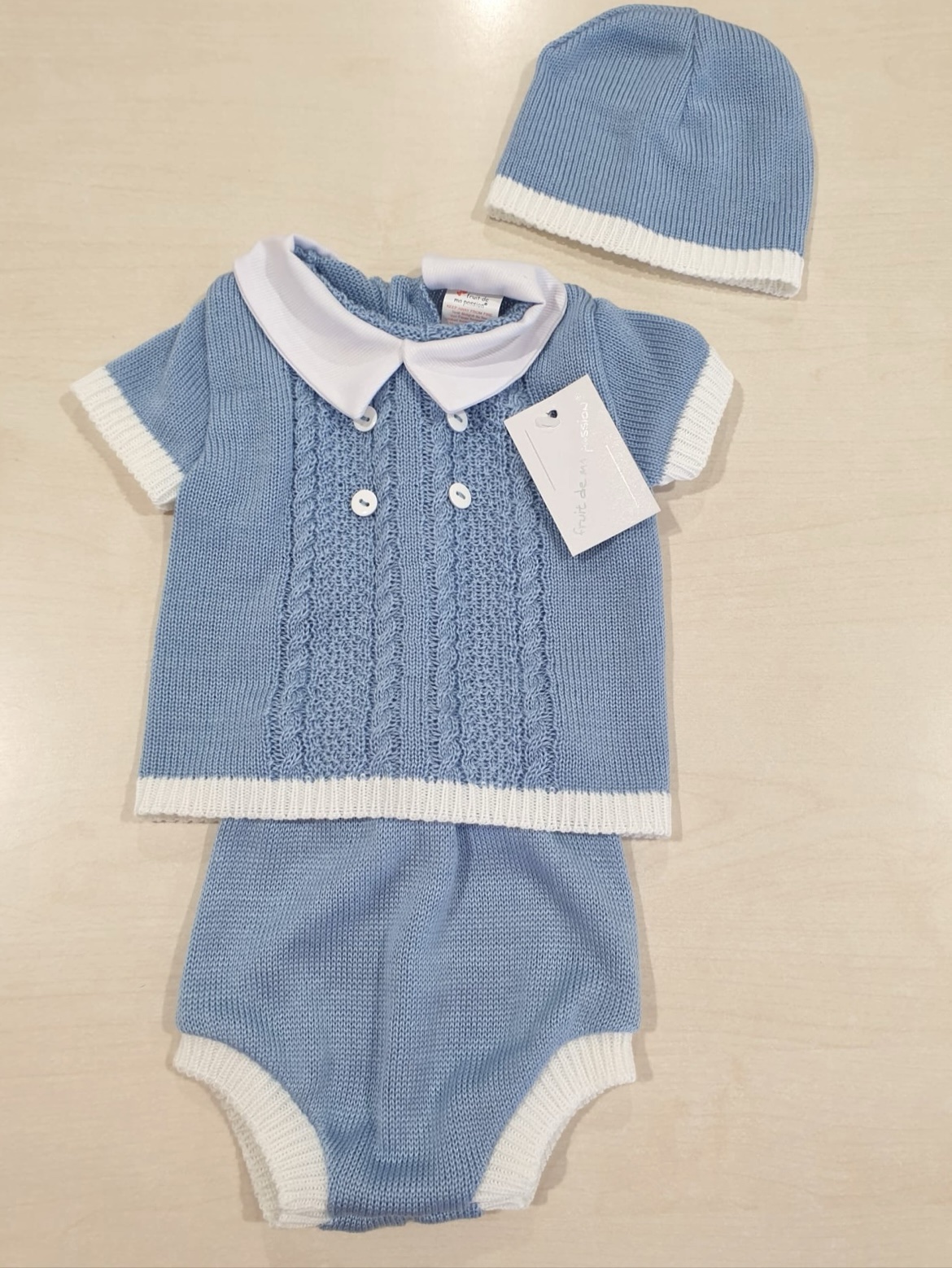 Maglia,pantaloncino e cuffietta in filo 100% dralon anallergico
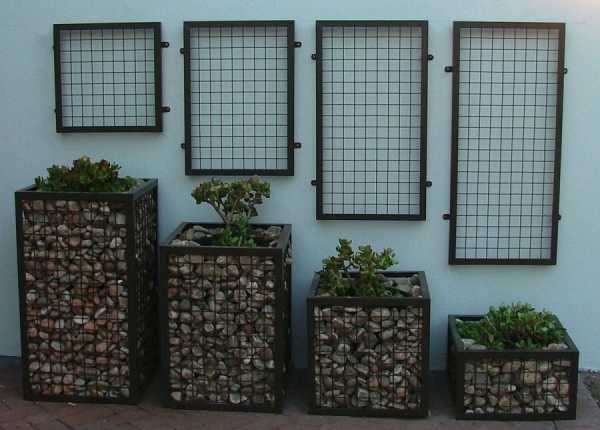 Применяя мелкоячеистую сетку и обычную гальку, создают отличные ступени, бордюры и дорожки. А вазоны из габионов – это естественное и современное украшение любого садового участка.
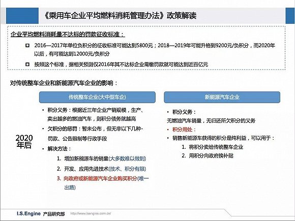 國家為規范新能源汽車市場有序發展,于2015年10月,出臺了廠商廣受關注的《乘用車企業平均燃料消耗管理辦法(草稿)》,使得乘用車企業平均燃料消耗管理將趨于落實。據相關預測僅2016年其不達標企業需繳罰款就可能達到近百億元,而至2020年,傳統整車企業解決的辦法或許只有向政府或新能源汽車企業購買積分唯一出路。
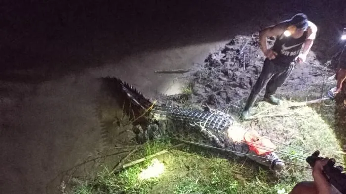 Warga di Desa Buku Utara, Kecamatan Belang, Kabupaten Minahasa Tenggara (Mitra), Sulut, dikejutkan dengan penemuan seekor buaya, Rabu (19/2/2025) malam.
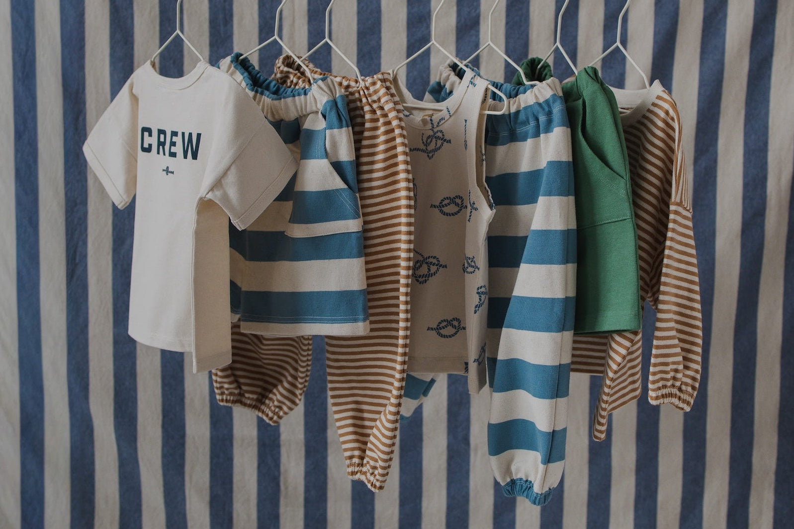 There’s a quiet familiarity in it all- deckchair stripes fading gently in the sun, sailor’s knots tied with care, fabrics that feel lived-in from the very first wear.
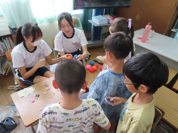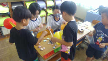 「どんな商品なら売れるか」「どのくらいの価格がちょうどよいか」など考え、商品(スライムや折り紙、キーホルダー等)を販売するために、小学校へ出向きました
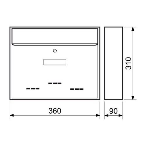 - Kovová poštovní schránka s otvory pro částečný průhled do jejího vnitřku.
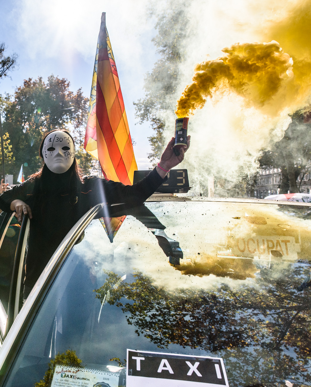 Profesionales del taxi de todo el país se han congregado en Madrid para respaldar la manifestación, donde se aprecian taxis negros y amarillo de Barcelona y con banderas de distintas asociaciones de taxistas y municipios y comunidades de España. Ya en la zona de manifestación a pie se puede ver a cientos de taxistas, algunos con chalecos reflectantes y ocultos por el humo de los petardos. En esta sección es donde mas pancartas y banderas se observan,como la que porta una comitiva de la Federación Cantábrica del Taxi o la de una decena de miembros de la Asociación de taxistas pakistanies de Catalunya PAK Taxi.
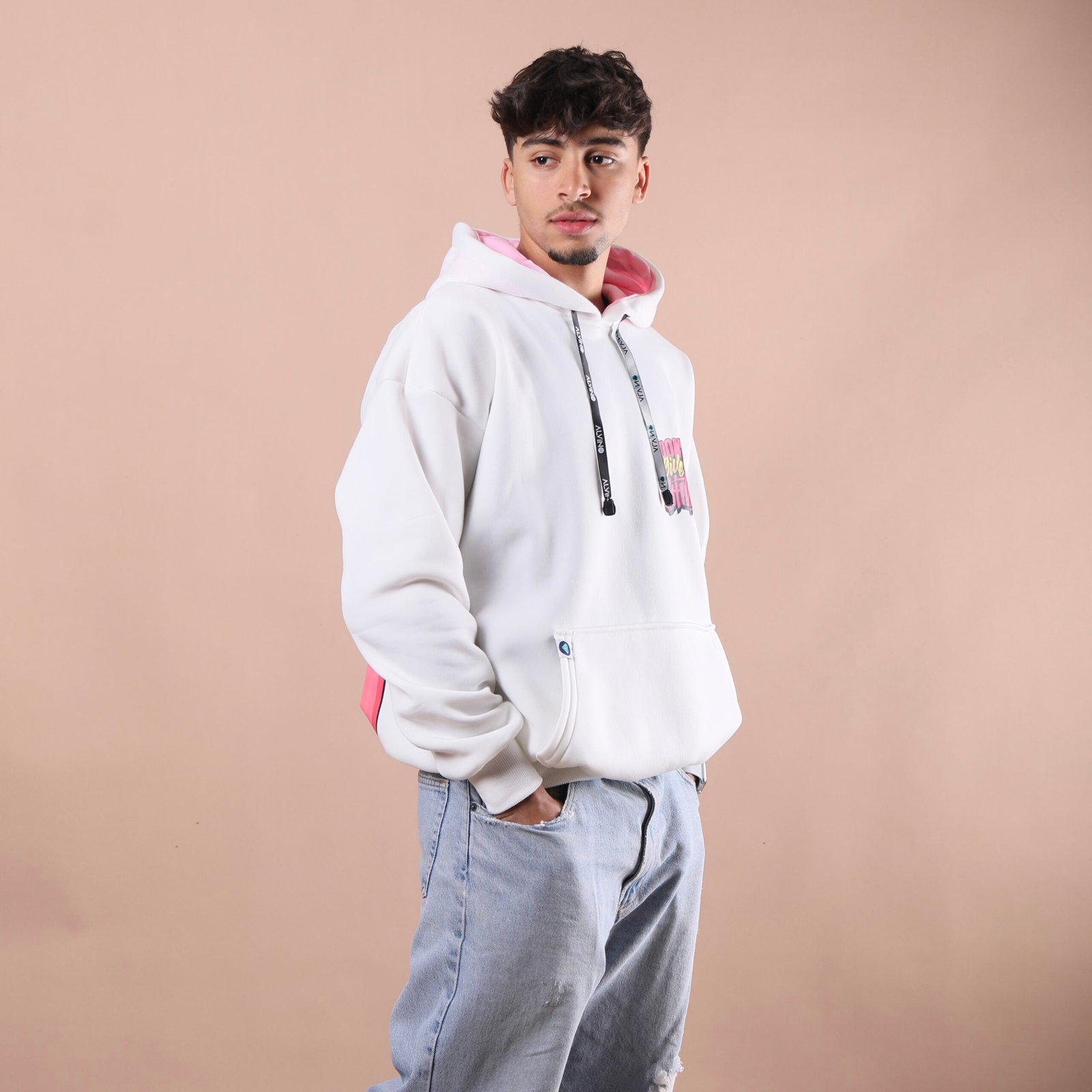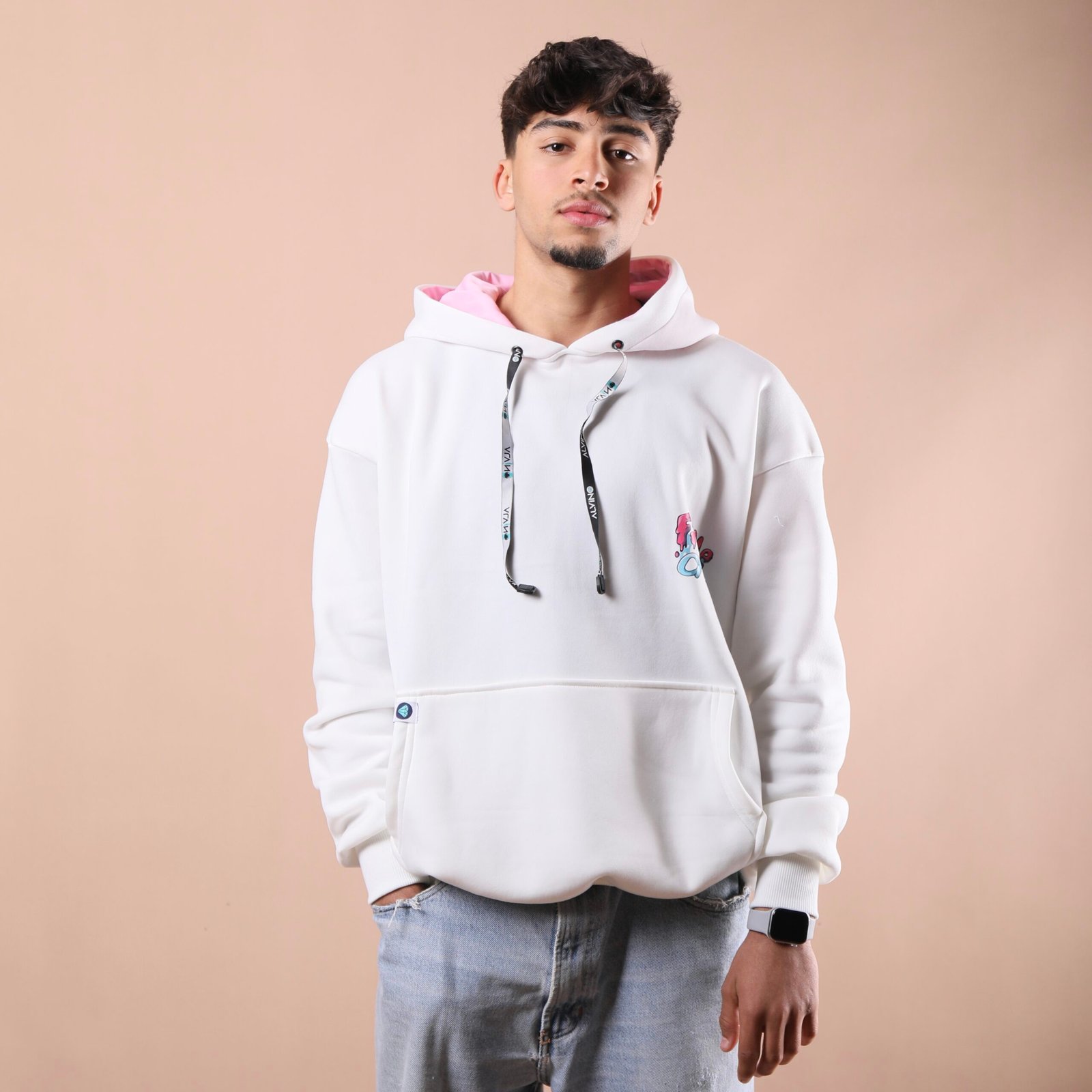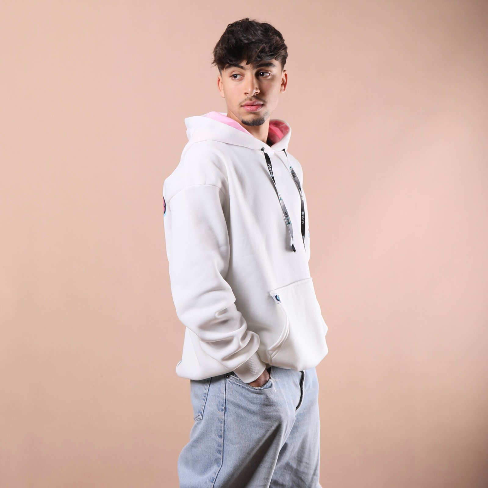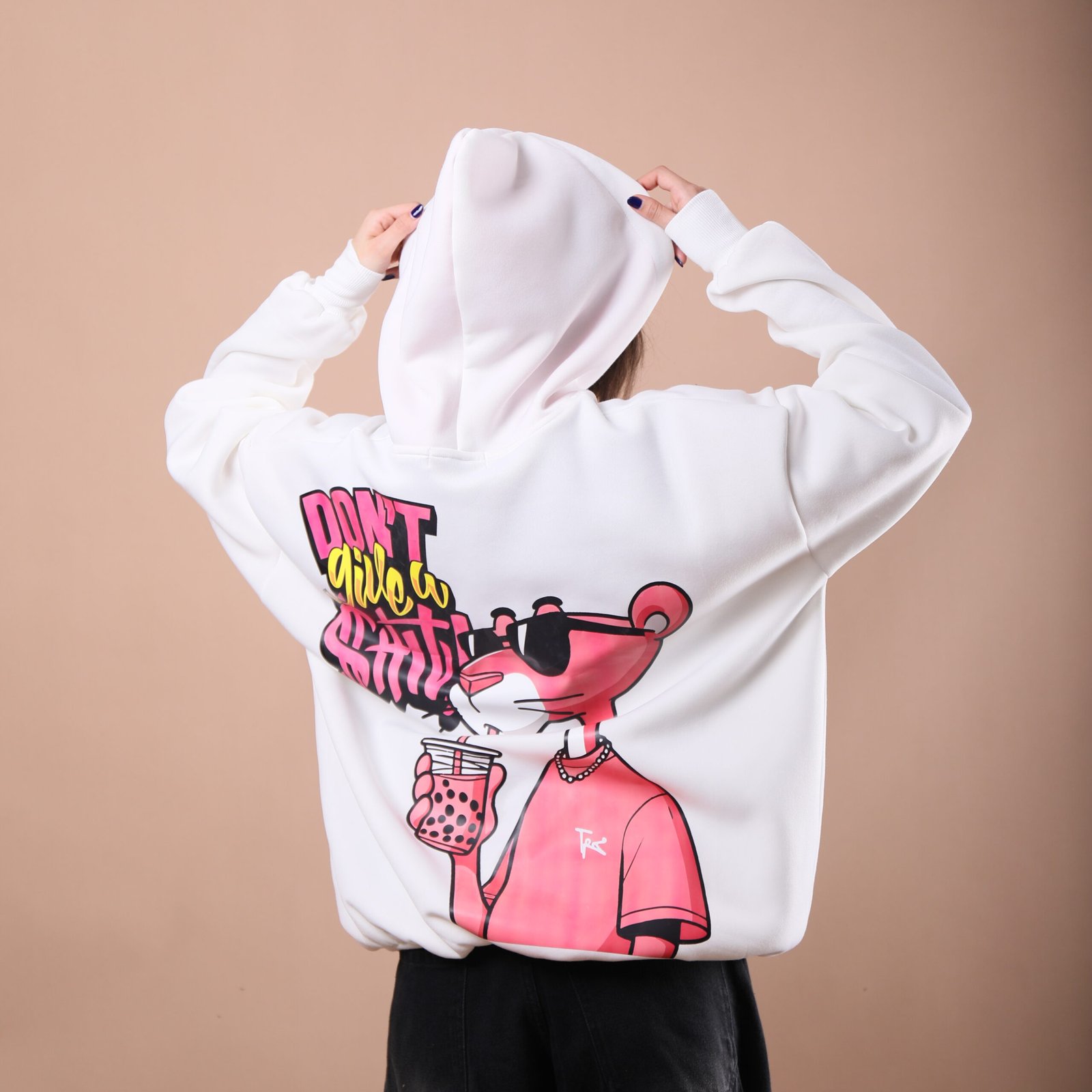 Alvino sweat shirt Capuche oversize unisexe – pink panther blanc
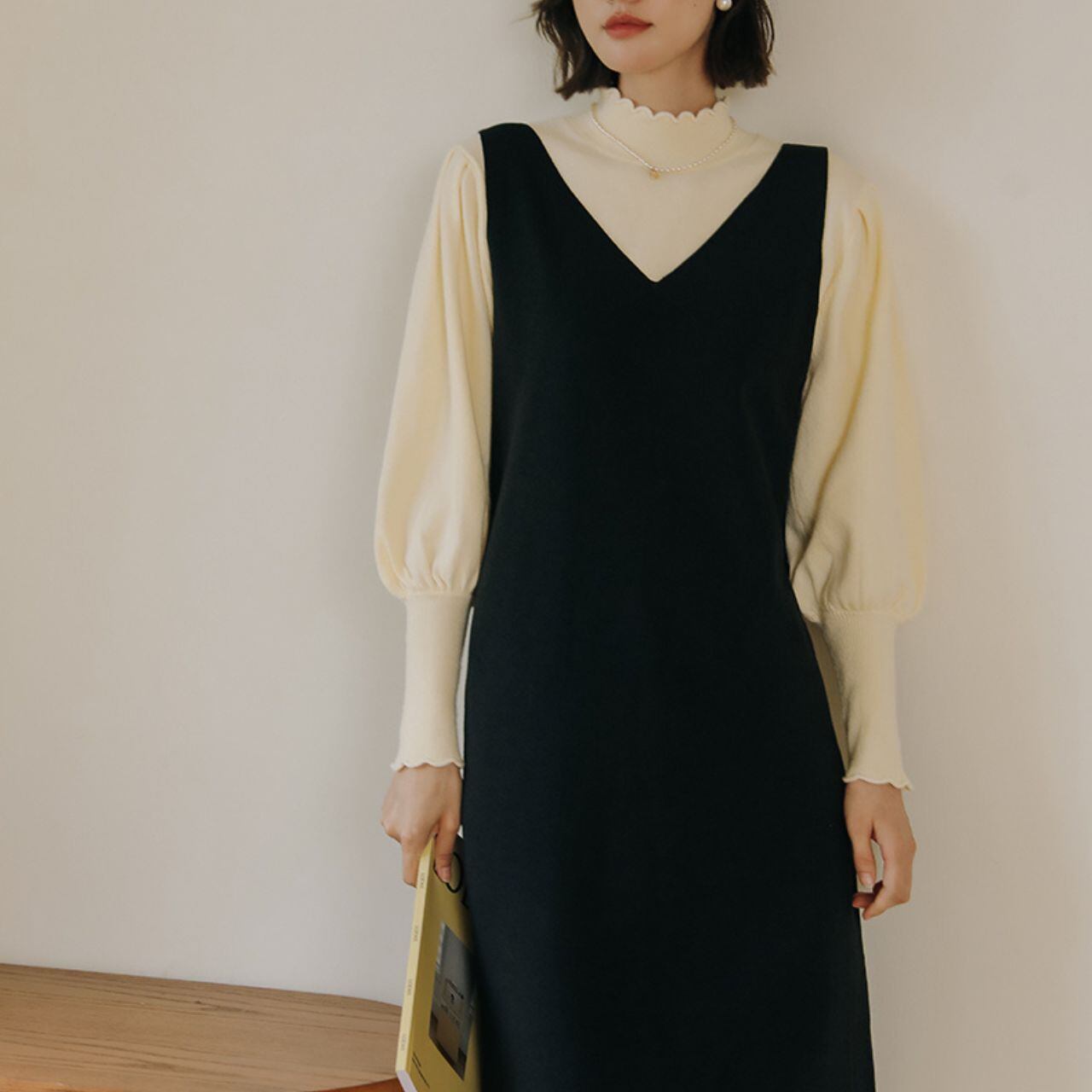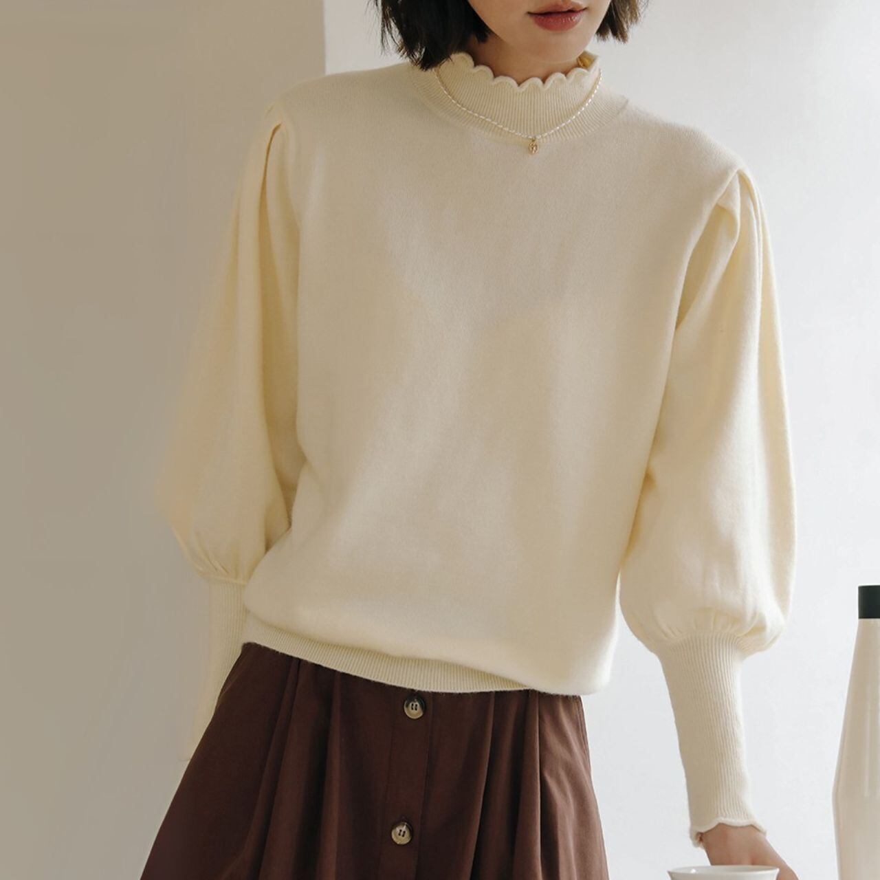 ふんわりとしたパフスリーブで優しい雰囲気を演出し、シンプルながら女性らしさを引き立てます。

◆ **Assigned task**:
The whole listing should be retyped word for word; none of its pictures belong in the copy.

◆ **Exercise result**:
 Maglia,pantaloncino e cuffietta in filo 100% dralon anallergico
 Применяя мелкоячеистую сетку и обычную гальку, создают отличные ступени, бордюры и дорожки. А вазоны из габионов – это естественное и современное украшение любого садового участка.
 國家為規范新能源汽車市場有序發展,于2015年10月,出臺了廠商廣受關注的《乘用車企業平均燃料消耗管理辦法(草稿)》,使得乘用車企業平均燃料消耗管理將趨于落實。據相關預測僅2016年其不達標企業需繳罰款就可能達到近百億元,而至2020年,傳統整車企業解決的辦法或許只有向政府或新能源汽車企業購買積分唯一出路。
 Warga di Desa Buku Utara, Kecamatan Belang, Kabupaten Minahasa Tenggara (Mitra), Sulut, dikejutkan dengan penemuan seekor buaya, Rabu (19/2/2025) malam.
 There’s a quiet familiarity in it all- deckchair stripes fading gently in the sun, sailor’s knots tied with care, fabrics that feel lived-in from the very first wear.
 「どんな商品なら売れるか」「どのくらいの価格がちょうどよいか」など考え、商品(スライムや折り紙、キーホルダー等)を販売するために、小学校へ出向きました
 - Kovová poštovní schránka s otvory pro částečný průhled do jejího vnitřku.
 Profesionales del taxi de todo el país se han congregado en Madrid para respaldar la manifestación, donde se aprecian taxis negros y amarillo de Barcelona y con banderas de distintas asociaciones de taxistas y municipios y comunidades de España. Ya en la zona de manifestación a pie se puede ver a cientos de taxistas, algunos con chalecos reflectantes y ocultos por el humo de los petardos. En esta sección es donde mas pancartas y banderas se observan,como la que porta una comitiva de la Federación Cantábrica del Taxi o la de una decena de miembros de la Asociación de taxistas pakistanies de Catalunya PAK Taxi.
 Alvino sweat shirt Capuche oversize unisexe – pink panther blanc
 ふんわりとしたパフスリーブで優しい雰囲気を演出し、シンプルながら女性らしさを引き立てます。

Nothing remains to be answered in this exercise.